The new chief executive of the Medical Council has expressed concern over a significant rise in disciplinary cases involving doctors who have failed to undertake on-the-job training.
Bill Prasifka says doctors have a legal obligation to maintain their competence by engaging in continuing professional development (CPD) but the procedures for regulating these rules are cumbersome.
Prasifka says there is “no future” for the council in bringing to a fitness-to-practise hearing every doctor who fails to maintain CPD and “there has to be a better way of dealing with this”.
Since 2011, doctors are required to undertake 50 hours of CPD a year, in the form of training, evaluation and personal learning, as well as one clinical audit.
Alternative
As an alternative to disciplinary hearings, doctors should not be allowed to renew their professional indemnity unless they can prove they are in compliance with this regulation, he suggests.
The new broom at the Medical Council is an American lawyer who has lived in Ireland almost 30 years. Prasifka has held a number of regulatory roles, most recently as Financial Ombudsman. He also served as chairman of the Competition Authority and Commissioner of Aviation Regulation.
In his first interview since taking up the post of chief executive in October, he says the council is hopeful the rules governing fitness-to-practise hearings will be changed early next year to make the system more streamlined.
The council has made submissions to Government seeking changes to the current system which would see only the most serious allegations against doctors go to public hearing and would give greater scope for witnesses to be given anonymity in proceedings.
Prasifka says the current system is “overly formalistic” and prevents the council from dealing with simpler cases more promptly, at an earlier stage.
The process has been criticised by both doctors and patients but he points to internal surveys that appear to show it enjoys high levels of support generally.
“At the end of the day, we have a formalistic legal process and complaints must be proven to criminal standards of proof. Our procedures are appropriate to that, and they are not complainant-friendly in that sense.”
‘Extreme interest’
He says there is “extreme interest” in some disciplinary cases against doctors, in contrast to the UK where most cases attract little press attention, and suggests this must be “a cultural thing” specific to Ireland.

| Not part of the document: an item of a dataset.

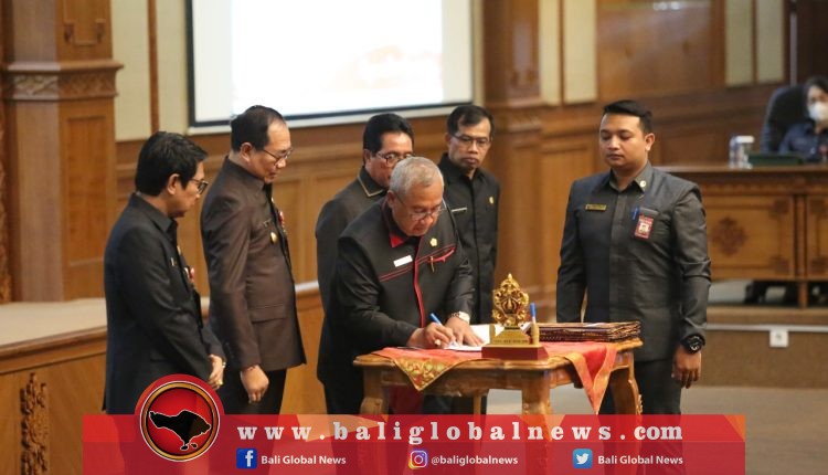Dewan Perwakilan Rakyat Daerah) Kabupaten Badung menggelar penutupan rapat paripurna tahun 2022 di Ruangan Sidang Utama Gosana, Sekretariat DPRD Puspem Badung pada Senin (14/11/2022). Rapat mengagendakan pengambilan keputusan terhadap Rancangan Peraturan Daerah (Raperda) tentang APBD Kabupaten Badung tahun 2023, Raperda tentang Penyelenggaraan Bantuan Hukum, Raperda tentang Penyelenggaraan Perlindungan dan Pengelolaan Lingkungan Hidup dan Raperda tentang Perusahaan Umum Daerah Pasar dan Pangan Mangu Giri Sedana.

About one in 10 complaints to the council results in a fitness-to-practise hearing, and two-thirds of these result in a finding against the doctor.
In the past year, 39 fitness-to-practise hearings were held; 22 were heard in public and the rest were in private. The council says a rise in the number of private hearings was due to the “specific nature” of the complaints involved.
While HSE director general Tony O'Brien has criticised "medical show trials" and the presence of television cameras at cases involving doctors, Prasifka says it isn't clear whether he was talking about council disciplinary hearings or litigation at the courts.
“Our hearings are in public because the Act requires that. There’s nothing we can do about that.”
Referring to recent cases of doctors acting as “whistleblowers” on behalf of their patients, Prasifka says the council believes doctor advocacy was an important part of patient safety and this would be highlighted in a new ethics guide to be published shortly. “We are very strong on this, and on how it is an important part of the role of a doctor.”
Bullying
He says the reported prevalence of bullying in the medical profession is of concern and needs to be addressed through mentoring, further training and assistance hotlines. “All we can do is highlight the problem but it’s up to stakeholders to address it. We have our own role to play but we are not the HSE or the medical schools.”
Prasifka says he does not accept there is any dichotomy between the interests of patients and practitioners when it comes to the work of the council. As a former ombudsman, he has a keen awareness of the possibilities and limitations of his past and present roles.
“It’s important that the ombudsman has a complementary role to that of the regulator. The ombudsman is there to provide a remedy for an aggrieved person. As a regulator, that’s not something we can do. The ombudsman is designed to act informally and decisions are not legally binding. We have to prove a case to a criminal standard of proof.”